Часов около двенадцати тревога кончилась. Когда я спускался в квартиру, на лестничной клетке первого этажа сидели с вещами жильцы, собравшиеся со всех этажей.
Во время предшествующих тревог я работал: за день написал две статьи, передал их по телефону в ТАСС.
Ночью бомбы разрушили несколько домов - на Литейном, на улице Чайковского, одна пробила небольшую дыру в Литейном мосту. Кроме того, разрушен дом No 14 по набережной Невы, бомба попала в Зоологический сад, и вообще еще немало бомб попало в разные места города.
Сегодня прекращена выдача белого хлеба кроме как по детским карточкам. Давно уже не выдается крупа. Вчера в Табакторг на Большом проспекте привезли немного папирос - удалось мне купить четыре пачки.
11 сентября
Вчера было восемь или десять воздушных тревог, и в последней из них, начавшейся в 10.40 вечера, снова налет, снова пожары где-то в районе Кировского завода. Бомбы падали и близко от нас, в двух-трех случаях наш огромный дом дрожал. Я лазал на крышу - на наблюдательный пост, смотрел в бинокль на пожары. Потом до трех ночи готовился в путь на передовую, на Карельский перешеек, - резал пленку, заряжал кассеты и т. п.
Жить становится очень трудно, передвижение по городу крайне затруднено тревогами, почти непрерывными.
В Ленинграде многие люди переселяются из своих квартир в квартиры друзей и знакомых. Одни - туда, где им ближе к месту службы; другие потому, что их мужья ушли на фронт и им тяжело в одиночестве; иные - из верхних этажей в нижние: меньше опасности при бомбежках; многие из районов южной половины города, наиболее обстреливаемых, - на Петроградскую сторону, на Крестовский и Каменный острова или еще дальше, куда не достает немецкая дальнобойная артиллерия, - к Озеркам, к Лесному...

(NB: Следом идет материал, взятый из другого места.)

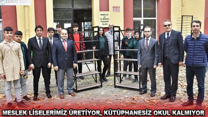 "Kütüphanesiz Okul Kalmayacak" Projesi kapsamında harekete geçen Edirne Mesleki ve Teknik Anadolu Lisesi öğretmen ve öğrencileri atölyelerinde kütüphane kurulumu ile kütüphane yenilenmesine ihtiyaç duyulan okullar için üretime başladı.
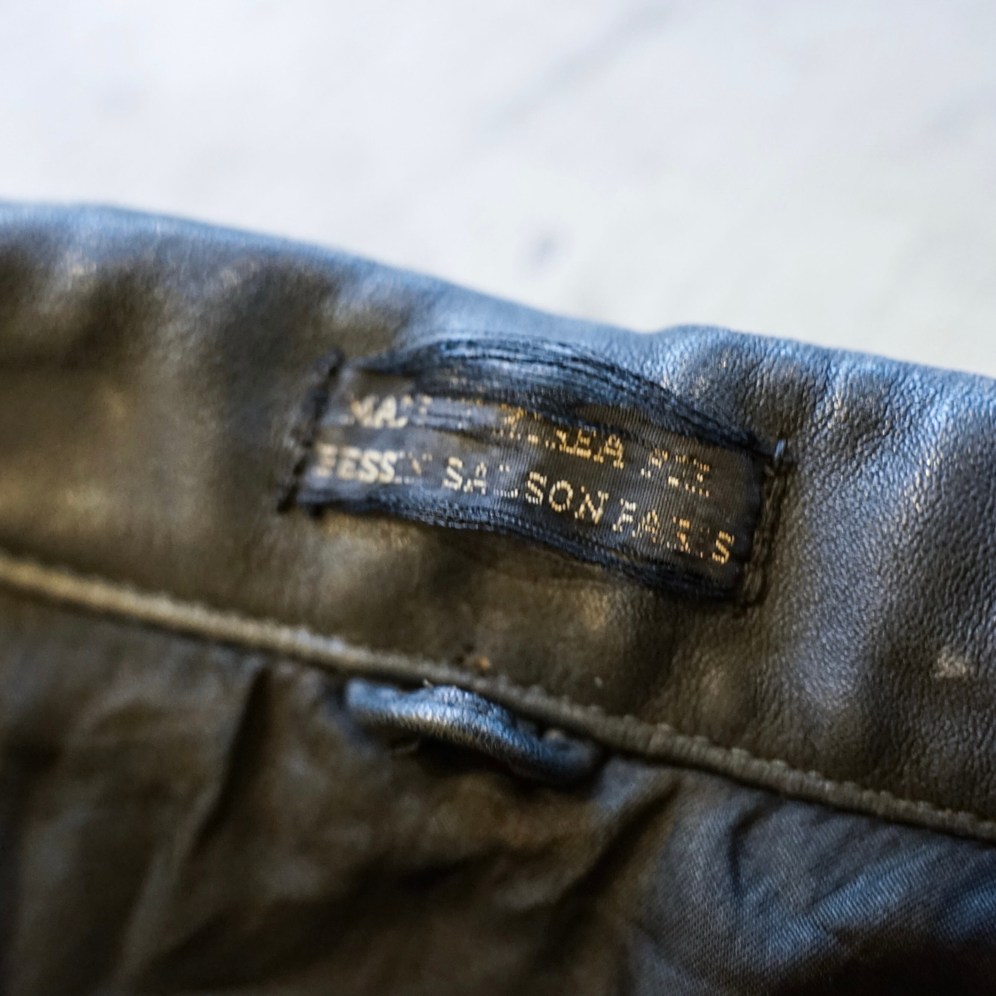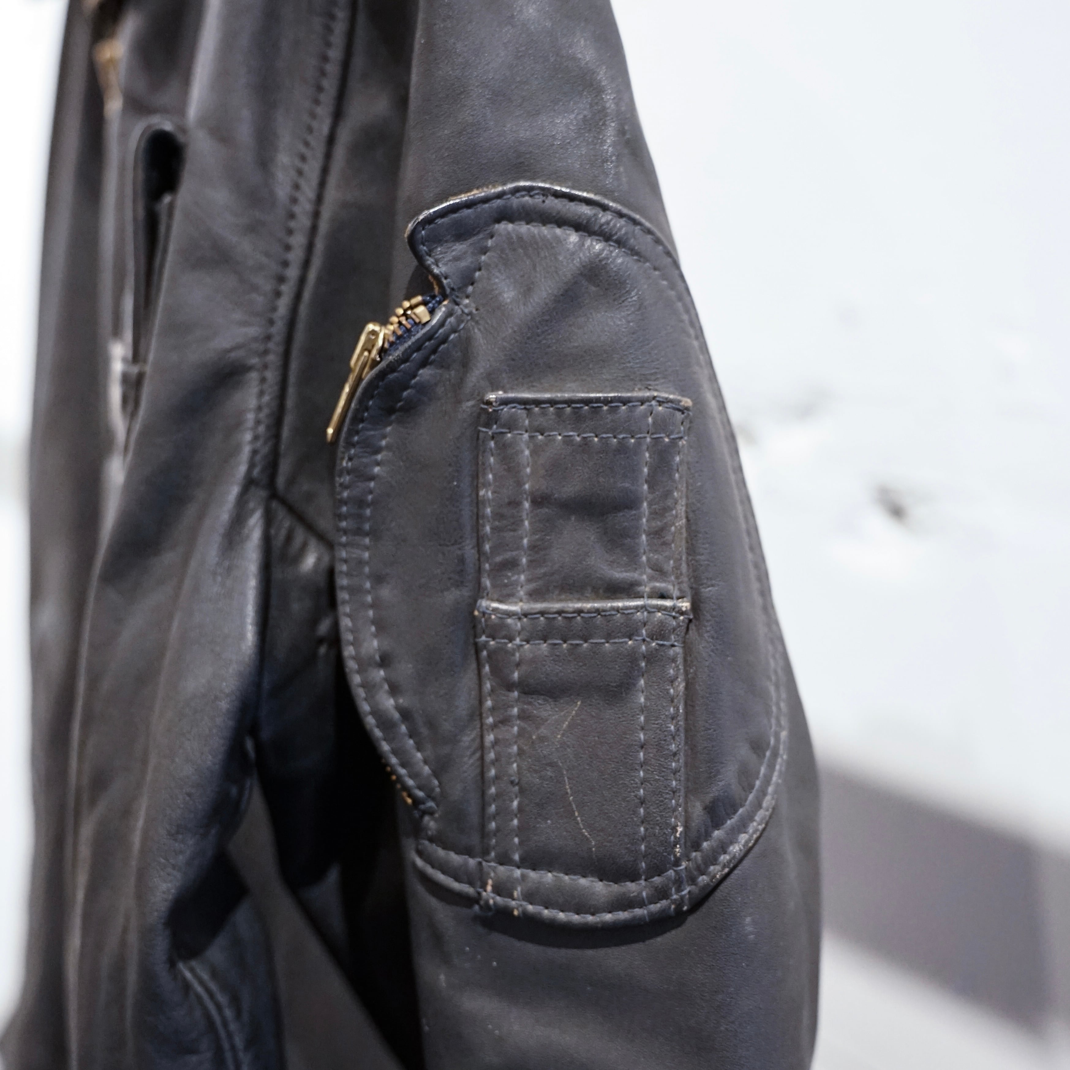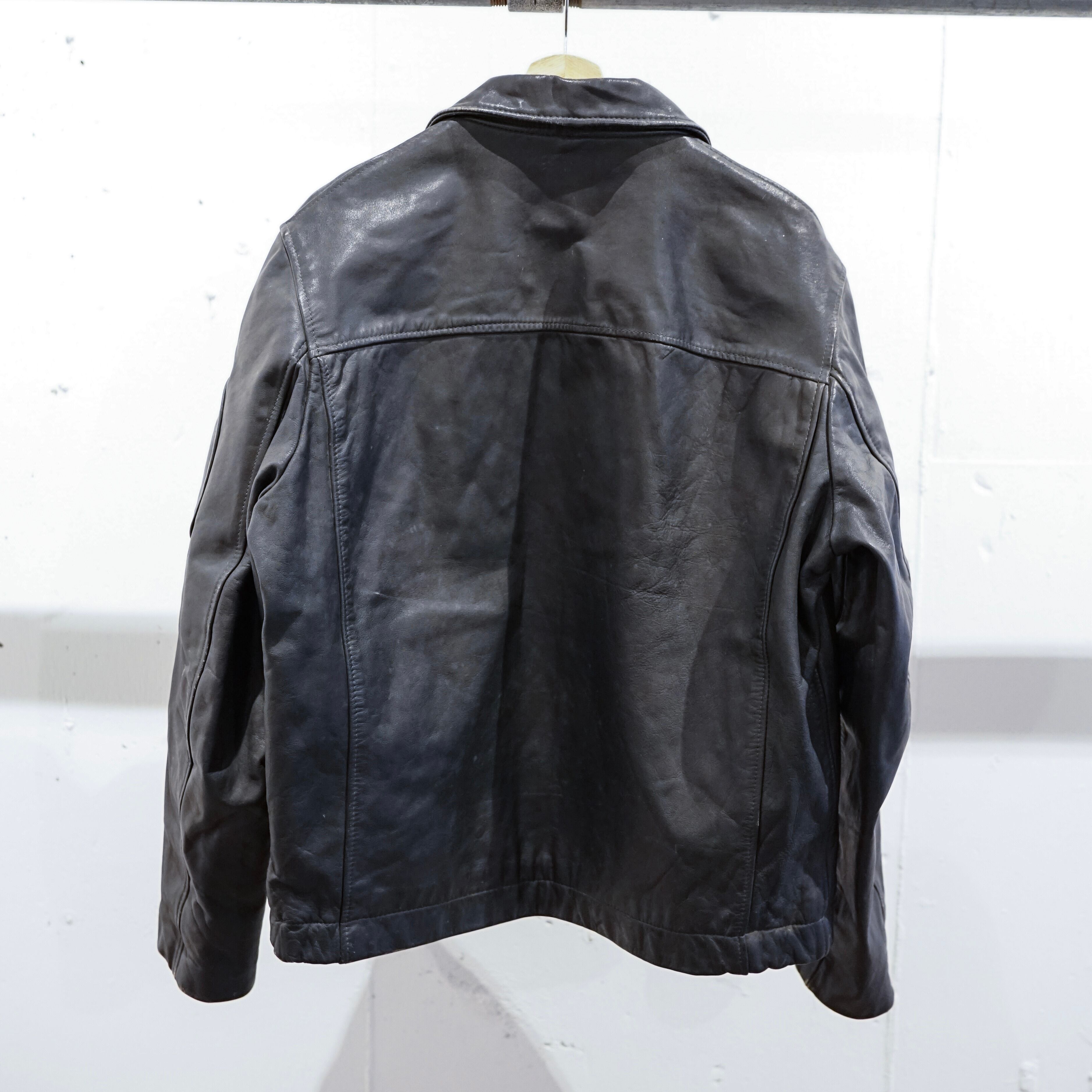 この当時のレザーは現行のファッションレザーとは異なり、耐摩耗性や防風性を最優先に考えられた実用素材で、長年の使用によって表面には独特のシワや色ムラが生じています。これらは経年劣化ではなく、実際の使用環境を反映した「使用痕」と言えます。

Последнее время, несмотря на то что питаюсь лучше многих, все время испытываю желание поесть еще: получаемых калорий организму явно недостаточно. Дома кормиться почти невозможно. Выручают только столовые, а меня, в частности, закрытые, военные, где кормят хорошо. Не всегда, однако, в них успеваешь попасть. В общих столовых (очереди на улицах!) мясные блюда даются только по карточкам. В магазинах без карточек не купить уже ничего, кроме вина, настоящего кофе (в елисеевском "Гастрономе") и продуктов, подобных развесному хмелю.
12 сентября
Доносятся орудийные выстрелы - наши. Сегодня была - до полудня - только одна воздушная тревога. Ночью - от одиннадцати до часу - опять был налет...
Еду на фронт...
Глава 6. ОТРАЖАЕМ ВРАГА КОНТРУДАРАМИ
Неожиданная поездка. Взятие Си
молова. Опять в Ленинграде.
Штурм Белоострова
13 - 22 сентября 1941 г.
Утром 13 сентября, выяснив накануне, что немцы готовят новое наступление в районе Пулковских высот и предназначили для этого триста танков, наша артиллерия нанесла предупредительный удар по местам скопления противника. Началась новая волна ожесточенных боев. В ночь на 16 сентября фашисты повели наступление на Пушкин. Одновременно усилили атаки и на приморский участок. 16 сентября создалась опасность прорыва врага в Московский район Ленинграда. В этот день на стенах города было вывешено воззвание: "Враг у ворот". 17 сентября немцам удалось овладеть городами Павловском и Пушкином и одновременно выйти на южный берег Финского залива между Ленинградом и Петергофом (Петродворцом). Мы потеряли поселок Володарский и почти весь Урицк.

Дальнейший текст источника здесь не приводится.